"As I grew up, I still didn't find boys that interesting, but I assumed it was because I was autistic."
Eva Gibbs
- on being an autistic member of the LGBTQ+ community
Celebrating Pride Month with...Eva Gibbs
In this Stories from the Spectrum feature, we heard from Eva Gibbs.
Meet Eva, a 24-year-old autistic woman from London. Eva shares her story about coming out as lesbian at university, her experiences at London Pride, and how we can create a society that works for LGBT+ autistic people.
One of the most common questions people in the LGBT+ community are asked is: “when did you know?”
Getting asked ‘The Question’ entertains me. I don’t have a date and time written in my diary. I didn’t get hit by a rainbow beam from the sky.
But, looking back, there were clues. When I was about seven, I watched two women kiss on television, and thought that women could only kiss other women in fiction. I also remember watching a documentary about autism and relationships. There was a scene where a group of young autistic people were asked about getting intimate. They all said that they never got those kinds of urges. So, I put two and two together and guessed that it must be an autism thing. I sadly accepted that I would never experience fireworks, or the urge to throw myself at someone.
More and more people are standing up to debunk the myth that autistic people are not sexually active, or can only date other people on the autistic spectrum. Amy Schumer, for example, has spoken openly about her husband being autistic. But, ten years ago, the view was very different. I started going to social groups for autistic people, and when I met up with my mum afterwards, she would often tell me that the other parents had asked her about setting up dates with their sons, thinking a diagnosis was enough in common.
As I grew up, I still didn’t find boys that interesting, but I assumed it was because I was autistic. I used to randomly tell guys at school that I fancied them, but my first, real crush wasn’t until years later.
"As I grew up, I still didn’t find boys that interesting, but I assumed it was because I was autistic."
I was around 19 when I realised that I was exclusively into girls. Coming out was not at all like I expected, quite the opposite in fact. I came out to my mum several times through little conversations. Each time she would tell me that she thought I might be “into everyone,” no matter their gender, or just give me a slight acknowledgement. When I was 21, I finally took a step that I felt would be difficult to reverse. I corrected someone and said “I’m looking for a girlfriend, not a boyfriend” while I was at university. This was the first time I had not presented as straight to a non-family member. Suddenly, girls stopped feeling comfortable with me hugging or touching them. It was as if those innocent gestures were now seen as sexual, despite me always being a lesbian. This experience was a setback, as I already found approaching women difficult.
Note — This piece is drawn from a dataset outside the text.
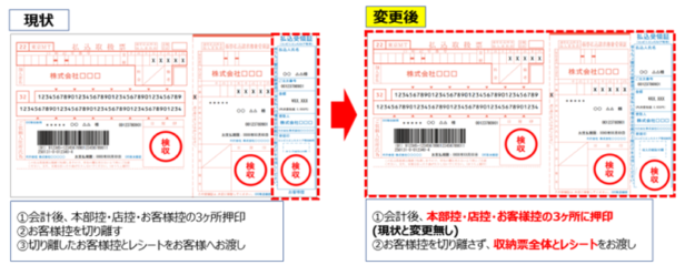 総務省通知により収納関係書類(収納票控え等)の保管見直しが可能となったことを受け、①収納関係書類の店舗・本部における電磁式データによる保管、②収納機関とのデータ連携・照合手順の見直し、③書類保管廃止による店舗オペレーションの簡素化(マニュアル改訂・教育見直し)、を行う。
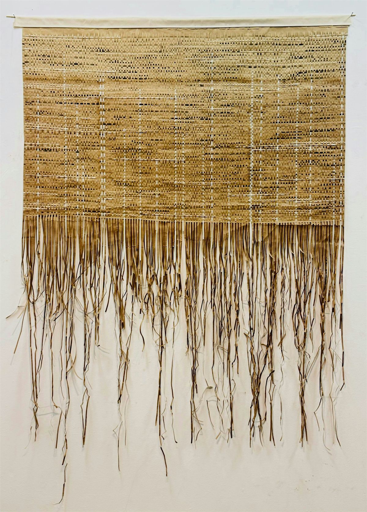 Image: Kelvin He Hao Low, Untitled, 2026. Woven paper from upcycled grocery paper bags with Indian ink, donated mylar film, and artist-made mulberry paper, 96 x 57 inches. Courtesy of the artist.

I choose not to involve myself in any LGBT groups because, like lots of autistic people, I find socialising in groups hard. Large groups are overwhelming, as I often don’t get a chance to speak as I try and process the all the information. Getting lost in crowds and lots of bodies touching mine also makes huge events, like London Pride, difficult to take part in. I’ve been to London Pride twice. Once, I went on a date with someone and we were getting on so well until I saw a stall for people with disabilities and used it as a way of letting my date know that I was on the autism spectrum. She suddenly wanted to find her friends and spent about 20 minutes hiding in the toilets before one of her friends came out and told me that I shouldn’t have told her I was autistic and asked me to leave. The other time, I was working at Transport for London, and got to take home one of their Pride posters, that is now framed on my living room wall. I’ll probably be at Pride again this year, working on the Crossrail. I prefer to be there in a working capacity, rather than get lost in the crowds.
As of this moment in time, I identify as a lesbian. To me, ‘lesbian’ is a positive and powerful word, as I never again have to pretend to be interested in a gender that I am not.
If I could get one message out to someone reading this is it would be that everyone deserves to be loved, no matter how you identify, and it is possible to meet someone who is accepting. My girlfriend has never asked me to change and I would never ask her to change either. Autism can be a really isolating from my experience, so to have someone who gets you really makes a difference. I think that fear can come from a place of ignorance, so I would love to see events like Pride made more accessible, like a relaxed area being put in place and the staff trained to help autistic people when they need it. This way, autistic people can celebrate without feeling uncomfortable, and society can understand that autistic people share a lot of the same values, beliefs and experiences as everyone else.